I agree with Dancing that to want to catch up is a strong instinct. If you hold him back, by whatever method you may use, you may find him getting fearful enough to buck. In the herd when one signals the others to go, it's not questioned, they must go. It's a rare horse that can remain relaxed while the others take off, that he has that much confidence in the rider. Ever notice in a pleasure class when a lope or canter is called for how the horse that's held back while the rider wants to be sure of a correct strike off, can get antsy. Because the horse does get allowed to canter with the others it settles down.


----------



## bsms (Dec 31, 2010)

My mare is the spookiest of my three horses, but she is also the leader. If the others wanted to move off without her, she'd do fine - although you might have trouble getting them to go very far without her. OTOH, if SHE moves out, the riders of the geldings had better be ready to move out too.

It is a training issue. My youngest daughter wants to start training Trooper to go solo, just as I am training Mia to go out solo. If and when she does, we'll work on having Mia & Trooper split up and rejoin in a calm & rational manner while out.

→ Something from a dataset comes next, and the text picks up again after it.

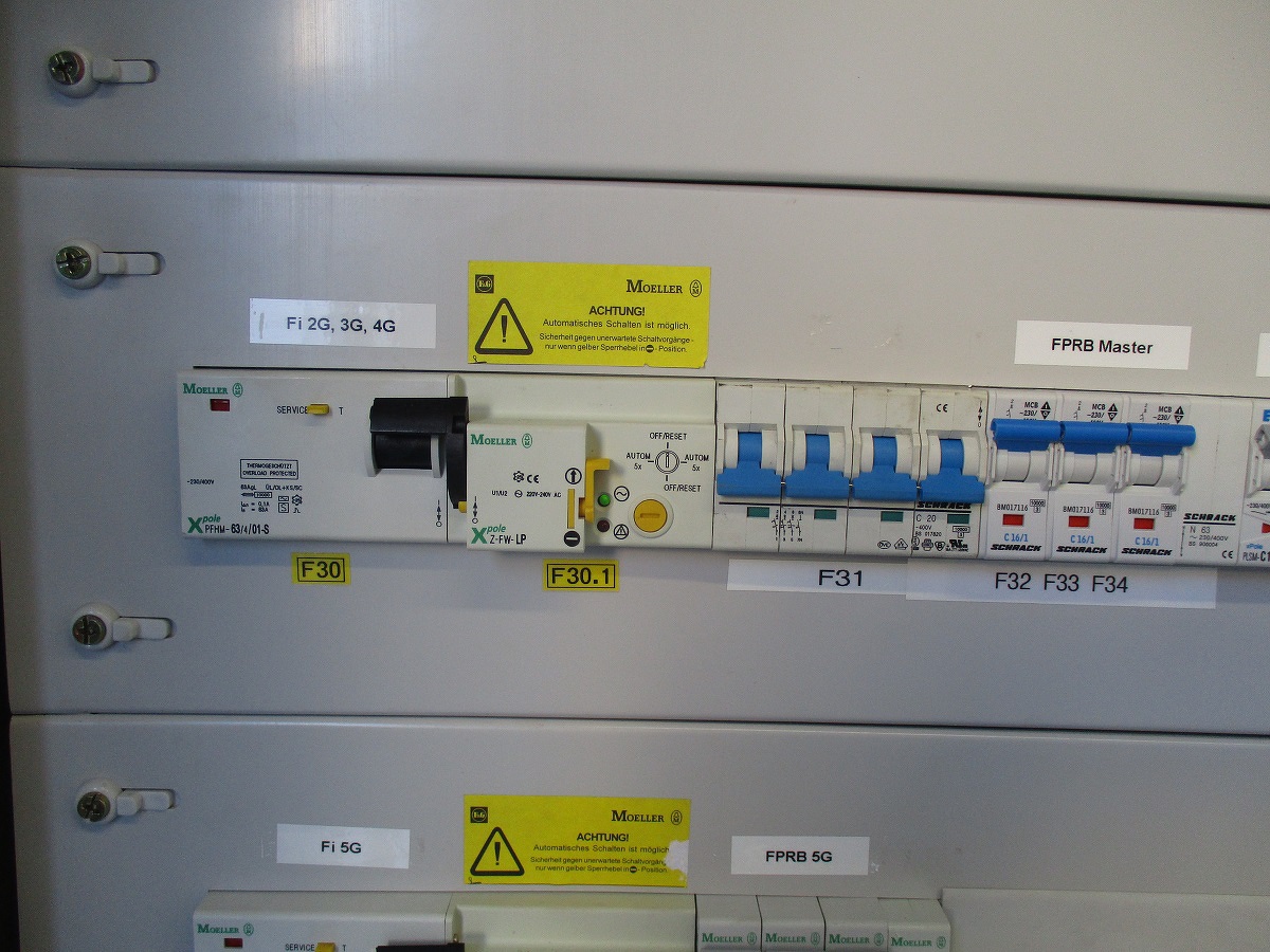 Nem kell aggódni, tudom miről van szó. Minden nap olyan helyen dolgozom, ahol legalább két ilyen visszakapcsoló van, ipari környezet, mobiltelefon bázisállomások. Az egyik a tápegységeké, a másik a klímához és/vagy szellőztetőhöz tartozik. A világításnak és dugaljaknak nincs ilyenük, csak Fi-reléjük. Szép nagy matricákkal van figyelmeztetve az ember, hogy visszakapcsoló van a rendszerben (a képen csak a kicsik láthatóak).

But I would not assume a horse would do that. I recently heard an actor talking about his time acting in westerns during the 60s. He said one of the bit actors was killed when the scene called for them to mount up and gallop off in a posse. The guy had one of the horses in the rear, and didn't get mounted up before the rest galloped off. His horse took off while he was still mounting and he had one foot hung up in the stirrup...


----------



## poppy1356 (Jan 18, 2012)

Nope never assume  but I would expect a lesson horse to be trained well enough to handle itself on it's own. I would ask ahead of time how his training is before assuming he could stay on his own but I would be appauled if they told me they would never expect a horse to be trained that way. 

With your example that is a good reason why you don't want your horse taking off with the others. What if you aren't ready yet, you can always catch up later.


----------



## Celeste (Jul 3, 2011)

I believe that the OP said that this was a horse that belongs to her stable. The BO probably knows that the horse won't cooperate with staying behind. It seems to me that the barn should be willing to offer some slower trail rides. On the other hand, galloping is fun. I think that you should bite the bullet and go for it.


----------



## Heelsdown (Jun 5, 2011)

The thing is the BO said that this is too much to expect of "A" horse, not just her horses. And the people in this group all said that too. :? It would be one thing if they said, "Oh no you can't do that with these horses". They said that's too much for any horse. That's why I walked away thinking that I was expecting too much when the time comes that I do buy a horse. 

I DO want to try cantering on the trail as it does seem like fun. But I want to know that I could slow down my horse if I didn't feel comfortable. That's not going to happen here. 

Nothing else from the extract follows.